Exercise objective>
Every line of the data below must be output exactly, with images left out.

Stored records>

+---+

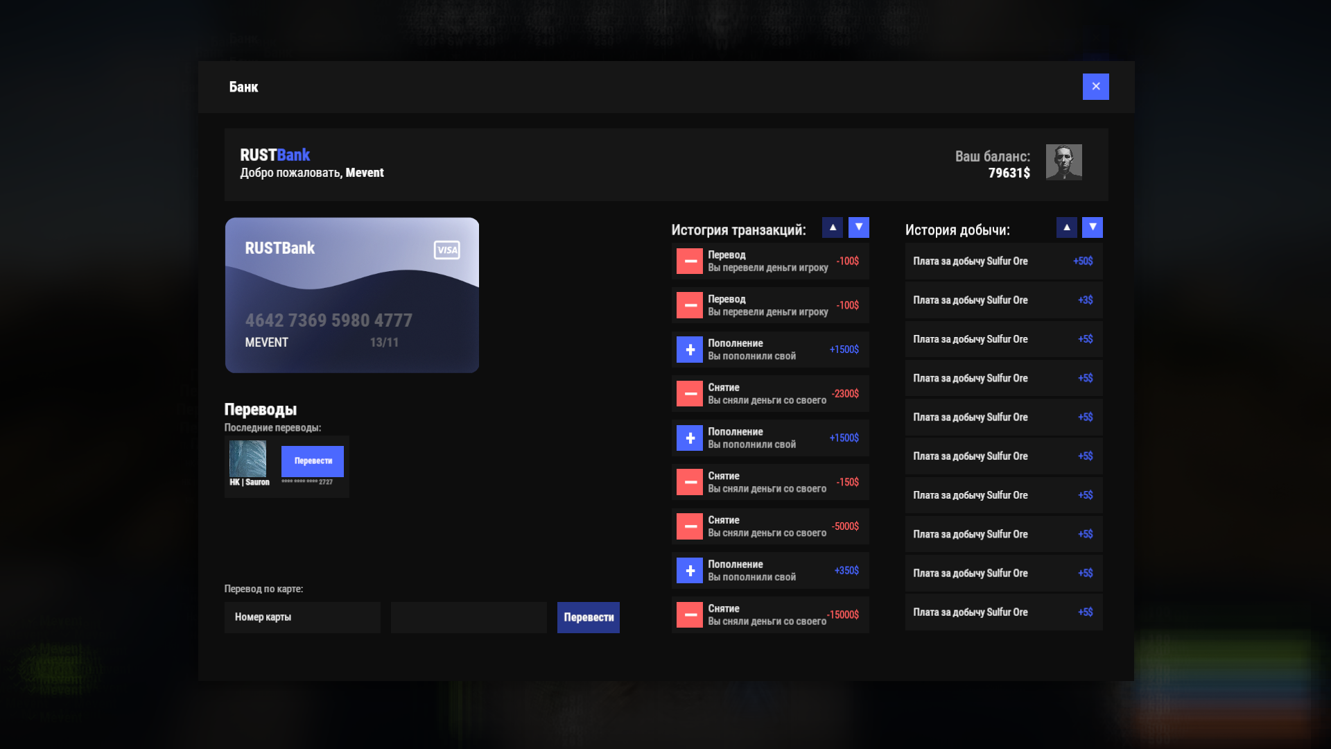 - Переводы денег между игроками
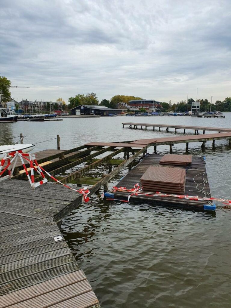 Afgelopen winter hebben we 30 m2 dekken van de zeilsteigers vervangen door glasvezelversterkte kunststofroosters; dit als test. Deze test is de afgelopen zomer positief beoordeeld. Er is dan ook besloten om de dekken van alle vaste steigers de komende winter te gaan vervangen, in totaal 400 m2. Het betreft alleen de dekken, omdat de kwaliteit van de palen en de liggers voldoende is om naar verwachting nog enkele tientallen jaren mee te kunnen gaan. De verwachting is dat, tegen de tijd dat de palen en de liggers vervangen moeten worden, de roosters die we nu aanbrengen daarna nog vele jaren meekunnen.
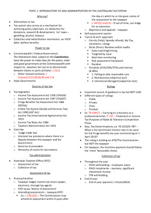 This is the full comprehensive notes for the subject BLAW30002 Taxation Law I which I have completed during the second semester of 2019 at the University of Melbourne. For your information, the final exam for this subject is an open book examination, so you are allowed to bring the textbook as well as additional notes into the examination hall during the final exam. To be honest, you may not have enough time to refer to the textbook in this limited time, therefore a well-prepared set of notes will be very helpful while you sit for the final exam. This notes consist of the following materials:- Topic 1: Introduction to and Administration of the Australian Tax System Topic 2: Tax Payable, Introduction to Income Topic 3: Income from Services Topic 4: Taxation of Fringe Benefits (FBT) Topic 5: Income from Business Topic 6: Income from Property Topic 7: Taxation of Capital Gains Topic 8: Jurisdiction to Tax Topic 9: Deductions Topic 10: Taxation of Partnerships, Trusts and Companies Topic 11: Goods and Services Tax *I have achieved a H1 (93%) in this subject. Hope you enjoy Taxation Law and have a nice day ahead! :)
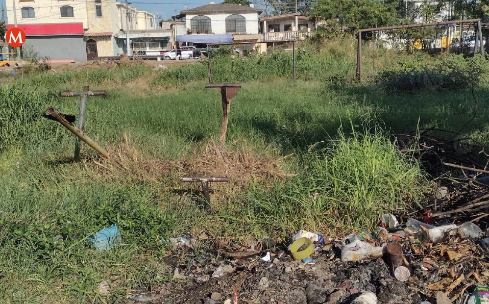 El área verde de la Colonia Altamira se encuentra entre la maleza y agua de drenaje; los juegos infantiles que en su momento generaban una diversión para los niños, están prácticamente acabados por la falta de atención.
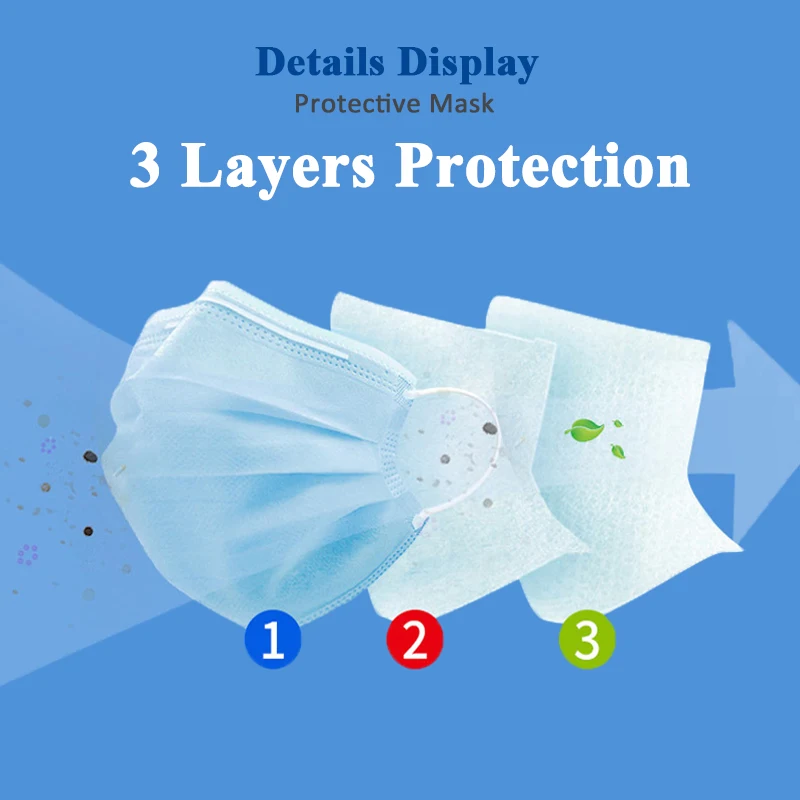 Гражданского одноразовая маска 3-х слойные ежедневная маскаПараметры продукта:Материал: трехслойный нетканый материалПодходящий сезон: Весна, Осень, Зима, ЛетоЦвет: синийСтиль маски: Тип ухаРазмер: один размерОсобенности продукта:1. Новая ткань PP Нетканая ткань, мягкая и чистая, удобная и дышащая2. Процесс бесшовной вязки3. Три раза дизайн, больше дышащего пространства на лице4. Пластиковая полоска для носа, алюминиево-пластиковая полоска для носа,5. Многослойная защита для вашего дыхательного здоровьяКак носить маску:1. Закройте рот и нос и Повесьте два боковых ремня на уши2. Фиксация моста носа в соответствии с формой носа предотвращает загрязнения воздуха от входа.3. Пожалуйста, потяните маску к нижней челюсти, чтобы немедленно предоставить трехмерное дышащее пространство.Пожалуйста, обратите внимание, что указанный Товар производится и распространяется за рубежом и в соответствии с законодательством страны его происхождения
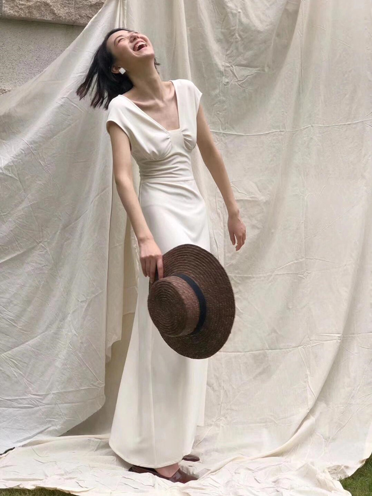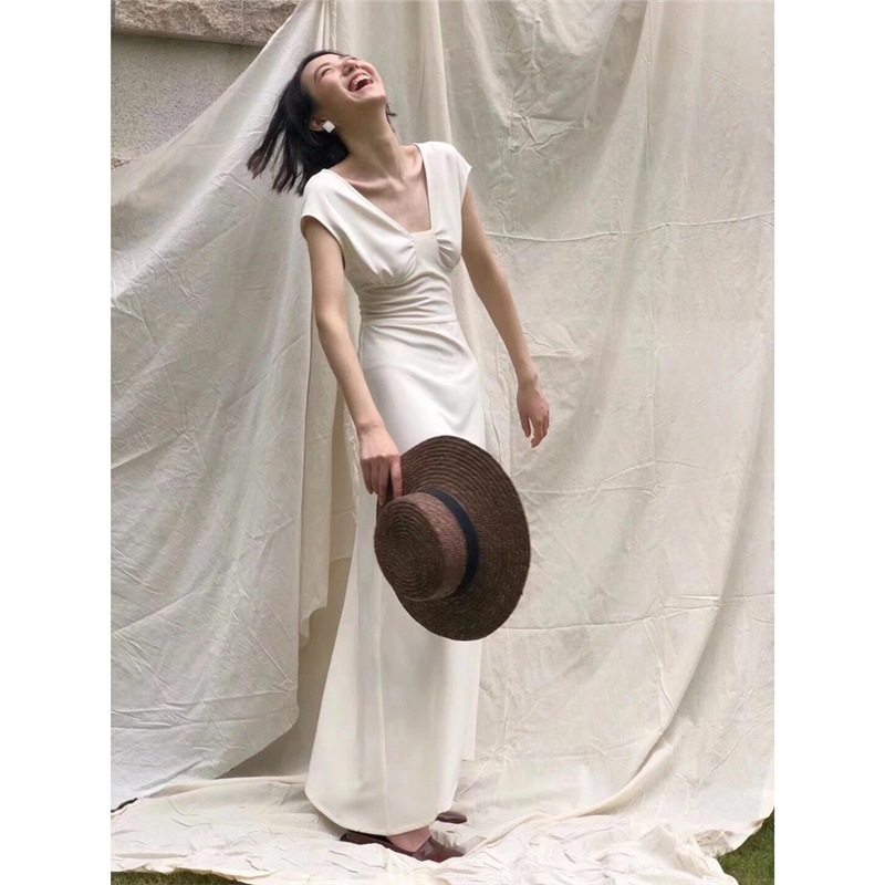 OK-130, высококачественное маленькое ароматное белое платье во французском стиле с v-образным вырезом для женщин, летнее новое стильное платье для похудения талии
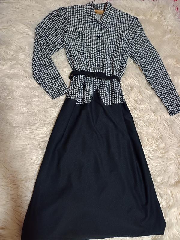 стан ідеальний плечі 40 пог 43 пот 35/40 пос 50 довжина 115 верхня частина на ґудзиках,з баскою, принт гусяча лапка на талії резинка і ремінець низ однотонний чорний позаду невеликий розріз внизу
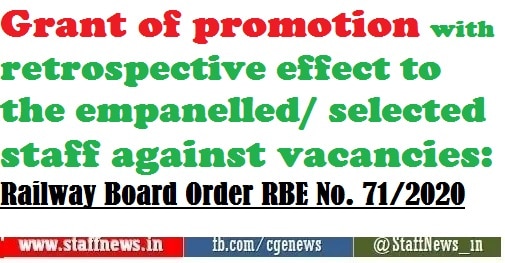 Grant of promotion with retrospective effect to the empanelled/ selected staff against vacancies: Railway Board Order RBE No. 71/2020

+---+

Answer box>
 - Переводы денег между игроками
 Afgelopen winter hebben we 30 m2 dekken van de zeilsteigers vervangen door glasvezelversterkte kunststofroosters; dit als test. Deze test is de afgelopen zomer positief beoordeeld. Er is dan ook besloten om de dekken van alle vaste steigers de komende winter te gaan vervangen, in totaal 400 m2. Het betreft alleen de dekken, omdat de kwaliteit van de palen en de liggers voldoende is om naar verwachting nog enkele tientallen jaren mee te kunnen gaan. De verwachting is dat, tegen de tijd dat de palen en de liggers vervangen moeten worden, de roosters die we nu aanbrengen daarna nog vele jaren meekunnen.
 This is the full comprehensive notes for the subject BLAW30002 Taxation Law I which I have completed during the second semester of 2019 at the University of Melbourne. For your information, the final exam for this subject is an open book examination, so you are allowed to bring the textbook as well as additional notes into the examination hall during the final exam. To be honest, you may not have enough time to refer to the textbook in this limited time, therefore a well-prepared set of notes will be very helpful while you sit for the final exam. This notes consist of the following materials:- Topic 1: Introduction to and Administration of the Australian Tax System Topic 2: Tax Payable, Introduction to Income Topic 3: Income from Services Topic 4: Taxation of Fringe Benefits (FBT) Topic 5: Income from Business Topic 6: Income from Property Topic 7: Taxation of Capital Gains Topic 8: Jurisdiction to Tax Topic 9: Deductions Topic 10: Taxation of Partnerships, Trusts and Companies Topic 11: Goods and Services Tax *I have achieved a H1 (93%) in this subject. Hope you enjoy Taxation Law and have a nice day ahead! :)
 El área verde de la Colonia Altamira se encuentra entre la maleza y agua de drenaje; los juegos infantiles que en su momento generaban una diversión para los niños, están prácticamente acabados por la falta de atención.
 Гражданского одноразовая маска 3-х слойные ежедневная маскаПараметры продукта:Материал: трехслойный нетканый материалПодходящий сезон: Весна, Осень, Зима, ЛетоЦвет: синийСтиль маски: Тип ухаРазмер: один размерОсобенности продукта:1. Новая ткань PP Нетканая ткань, мягкая и чистая, удобная и дышащая2. Процесс бесшовной вязки3. Три раза дизайн, больше дышащего пространства на лице4. Пластиковая полоска для носа, алюминиево-пластиковая полоска для носа,5. Многослойная защита для вашего дыхательного здоровьяКак носить маску:1. Закройте рот и нос и Повесьте два боковых ремня на уши2. Фиксация моста носа в соответствии с формой носа предотвращает загрязнения воздуха от входа.3. Пожалуйста, потяните маску к нижней челюсти, чтобы немедленно предоставить трехмерное дышащее пространство.Пожалуйста, обратите внимание, что указанный Товар производится и распространяется за рубежом и в соответствии с законодательством страны его происхождения
 OK-130, высококачественное маленькое ароматное белое платье во французском стиле с v-образным вырезом для женщин, летнее новое стильное платье для похудения талии
 стан ідеальний плечі 40 пог 43 пот 35/40 пос 50 довжина 115 верхня частина на ґудзиках,з баскою, принт гусяча лапка на талії резинка і ремінець низ однотонний чорний позаду невеликий розріз внизу
 Grant of promotion with retrospective effect to the empanelled/ selected staff against vacancies: Railway Board Order RBE No. 71/2020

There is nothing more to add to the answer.